Il rimborso del biglietto scatta dopo mezz’ora se si tratta di mezzi pubblici cittadini o dopo un’ora se si allarga il raggio a livello locale. A meno che i problemi derivino da scioperi, calamità naturali o altri eventi imprevedibili. Per chi non striscia il biglietto, invece, la multa viene stabilita a livello generale e in qualsiasi caso, si legge nella bozza, «è pari a 60 volte il valore del biglietto ordinario e comunque non superiore a 200 euro».
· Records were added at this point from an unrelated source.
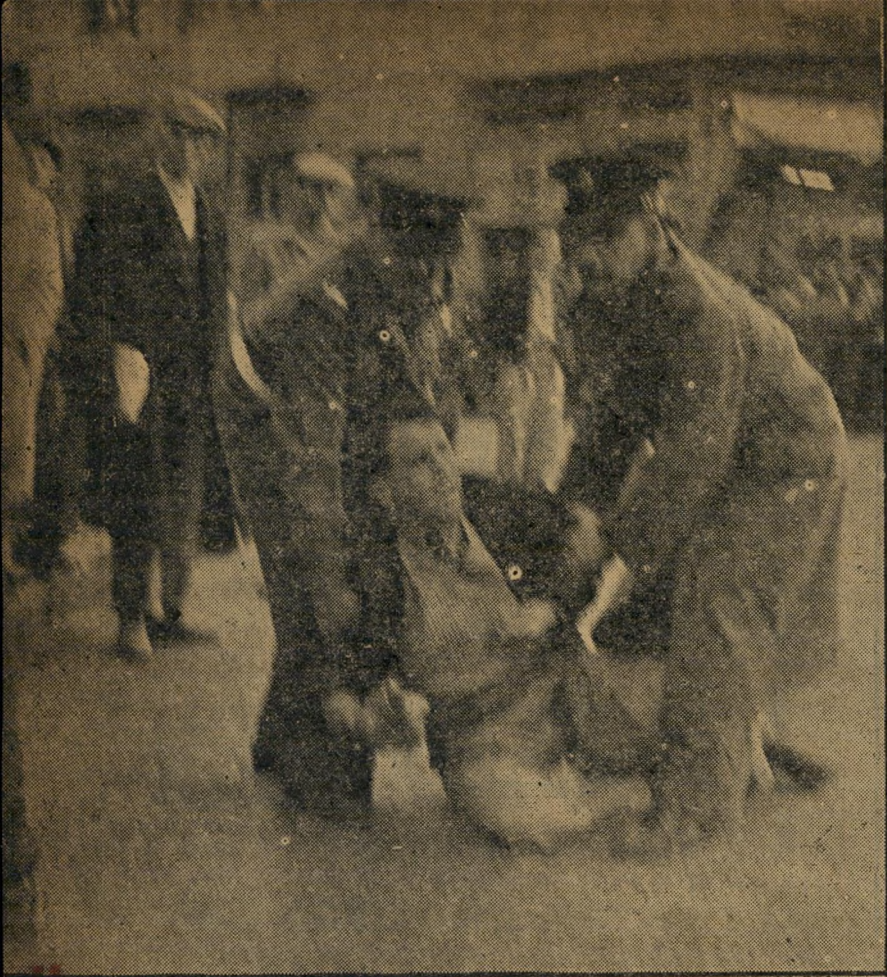
התגאול שני שוטרים ירושלמיים גוררים מרחבת הכנסת נכה מפגין. התנהגותם של השוטרים היתה גסה והם דאגו להסיר תחילה את מספריהם.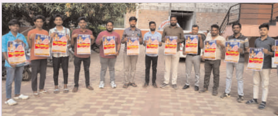
భగత్ సింగ్, రాజ్ గురు సుఖదేవ్ ల స్మారక వారోత్సవాలను జయప్రదం చేయండి..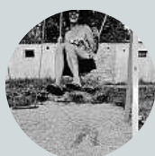
Ilona Grussmannová Platím mobilem. Všude.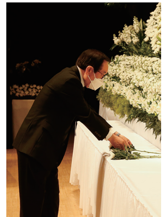
献花をする渡辺復興大臣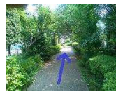
しばらく緑を楽しんでください。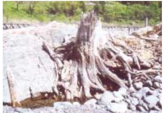
遠山川河床に現れた埋没ヒノキ

今回の展示では、埋没林がもつ不思議な世界を紹介するとともに、遠山を襲った地震とそれに伴う山くずれおよび天然ダム形成という一連の「遠山大地変」を科学的に解説し、山国の大地の営みを考えます。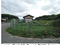
057_⑥法輪寺・外側四方004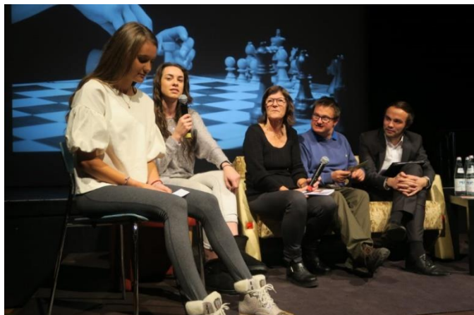
Präsentation und Austausch mit LR Philipp Achammer (2017)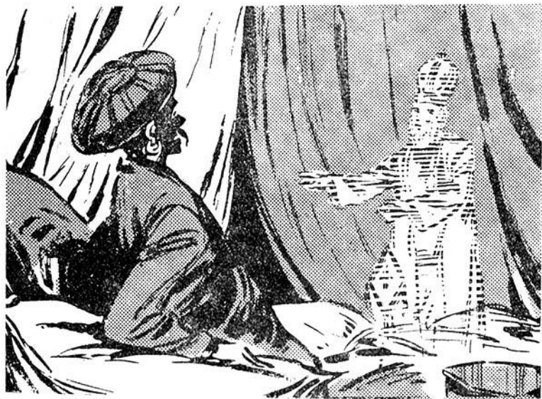
Τὸ φάντασμα τοῦ Πατριάρχου κινηγοῦσε τὸν αἰμοδόξο σουλτάνο Μαχμούτ μέσα στὸ σεραΐ.

"Ὁμως αὐτὴ ἡ χαρὰ κόβεται ἀπότομα, καθὼς φτάνουν ἔξω ἀπὸ τὸ πατριαρχεῖο. Ὁ τόπος ὅπου βρίσκεται κρεμασμένος ὁ πατριάρχης, εἶναι γεμάτος ἀπὸ καβαλλάρηδες καὶ στρατό. Ἀπὸ μακριὰ βλέπουν τὸ κορμὶ τοῦ Γρηγορίου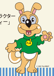
AIA キャラクター 「エディー」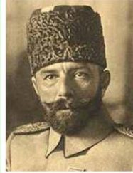
Cemal Paşa 1872 - 1922

Kanal Cephesinde İngilizlere karşı mücadele eden Bahriye Nâzırı Cemal Paşa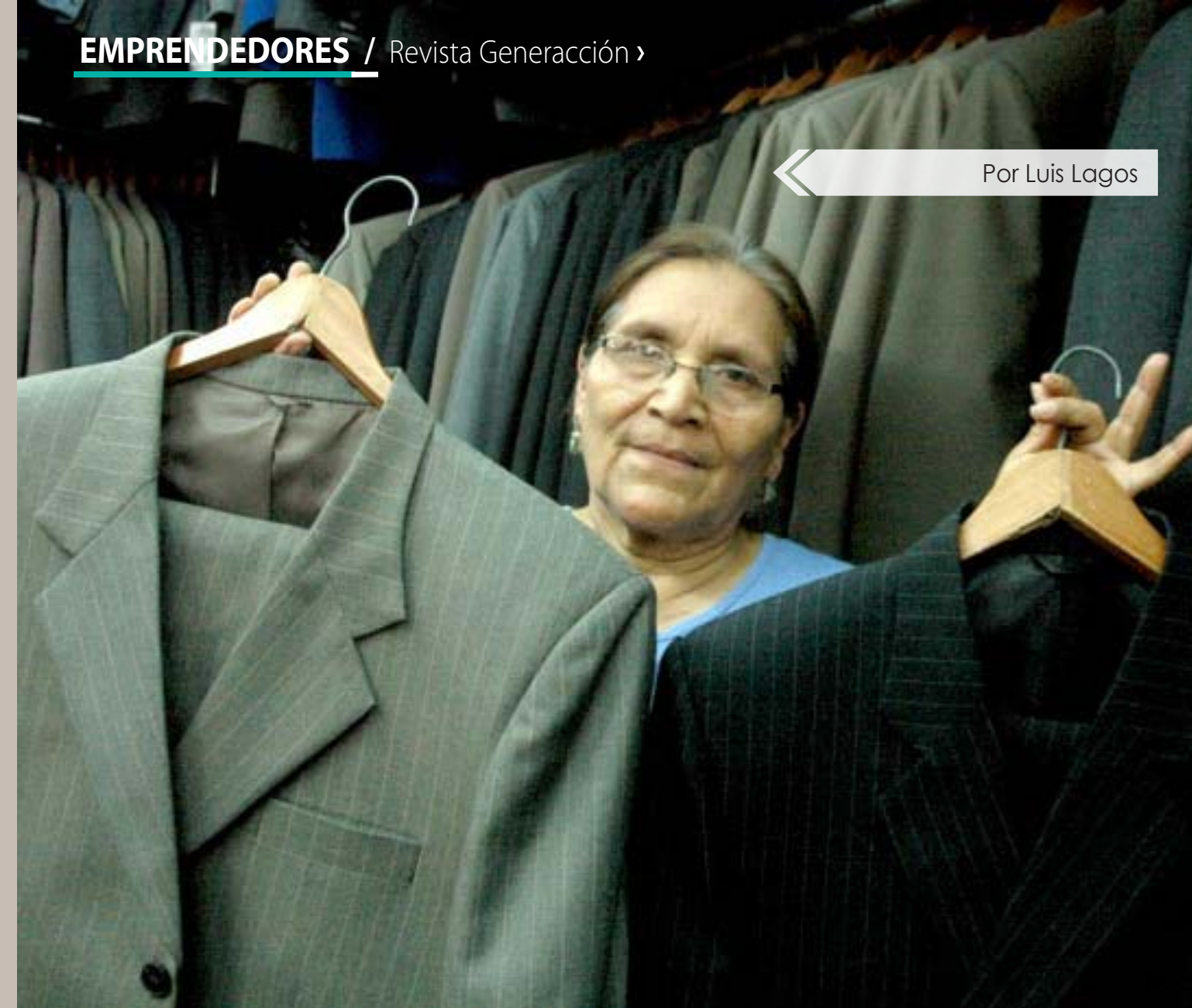
Por Luis Lagos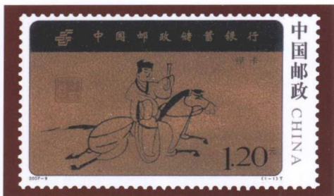
嘉峪关魏晋墓出土的彩绘“驿使图”邮票

站换人换马的接力传递。到了元代，由于军事范围和疆域扩大，邮驿横贯亚洲大陆，规模空前，扬名海外，仅在国内就有驿站1496处，并将邮驿改称为“站赤”。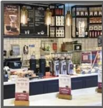
Mile Tea Store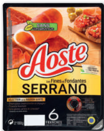
JAMBON CRU LES FINES ET FONDANTES SERRANO AOSTE 6 tranches - soit 100 g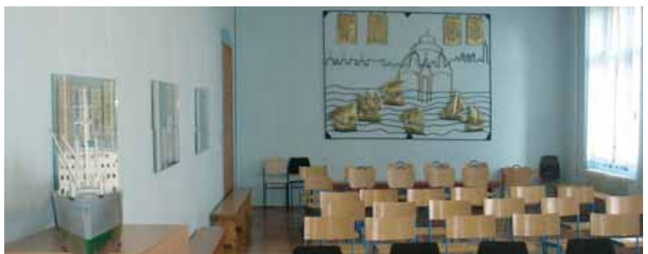
Kabineti su ukrašeni radovima učenika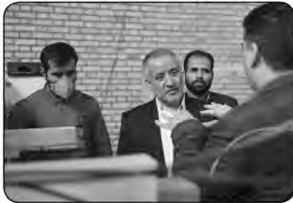
زمینه تسهیلات بوده و تا جایی که مقدور باشد تسهیلات تبصره ۱۸ به صورت هفتگی به این مشکلات

هاشمی افزود: مشکلات واحدهایی که تاکنون بازدید شده بیشتر در حال پرداخت است و در کارگروه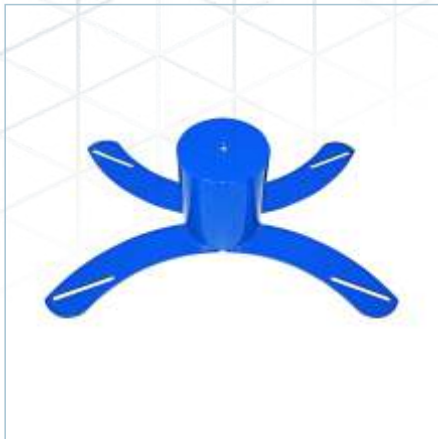
TLV-0244 | TLV-0268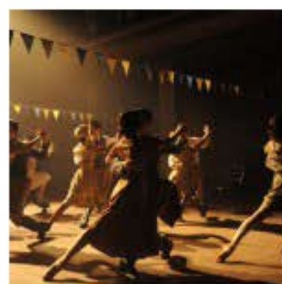
El ultimo Tango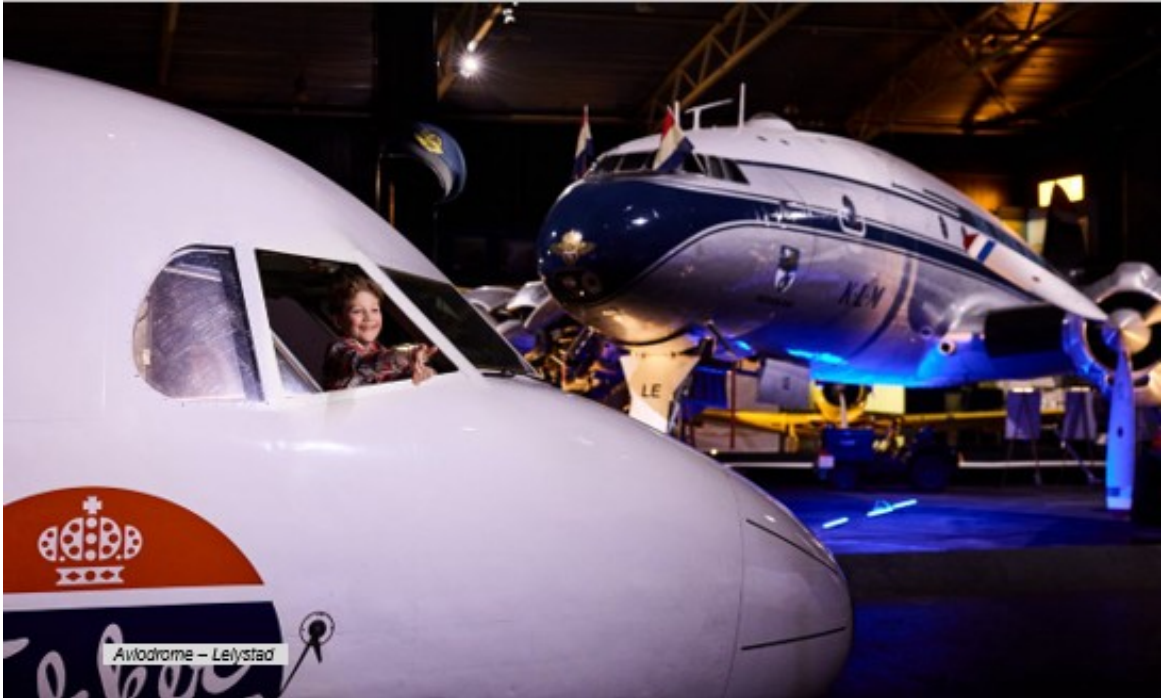
Aviodrome – Lelystad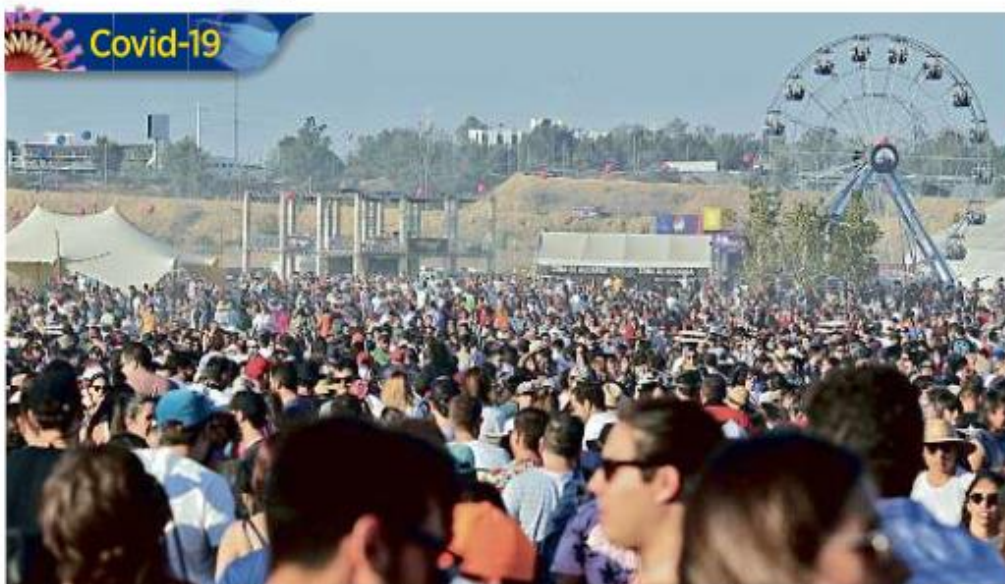
En la última edición del Corona Capital Guadalajara, en 2019, así lucía la explanada del Akron.

"El riesgo de contagio disminuye al aire libre, pero no desaparece, la gente no va a ir a estar parada callada sin

Aumenterà anche il livello di sicurezza: le aziende Tpl potranno anche affidarsi a soggetti esterni qualificabili come agenti accertatori, che, nei limiti del loro servizio, acquistano la qualità di pubblico ufficiale. Oppure sarà lo stesso ministero degli interni a fornire «agenti ed ufficiali aventi qualifica di polizia giudiziaria, secondo un programma di supporto agli agenti accertatori». Il periodo di servizio, però, non deve essere superiore ai tre anni e i costi saranno a carica dell’ente che ne fa richiesta. A questi controlli, inoltre, è possibile aggiungere anche «le rilevazioni dei sistemi di videosorveglianza presenti a bordo dei veicoli e sulle banchine di fermata». E le registrazioni possono rappresentare «mezzo di prova, nel rispetto della normativa vigente in materia di trattamento dei dati personali, per l’identificazione di eventuali trasgressori che rifiutino di fornire le proprie generalità agli agenti accertatori, anche con eventuale trasmissione alle competenti forze dell’ordine». Quindi: più ordine e meno furbetti.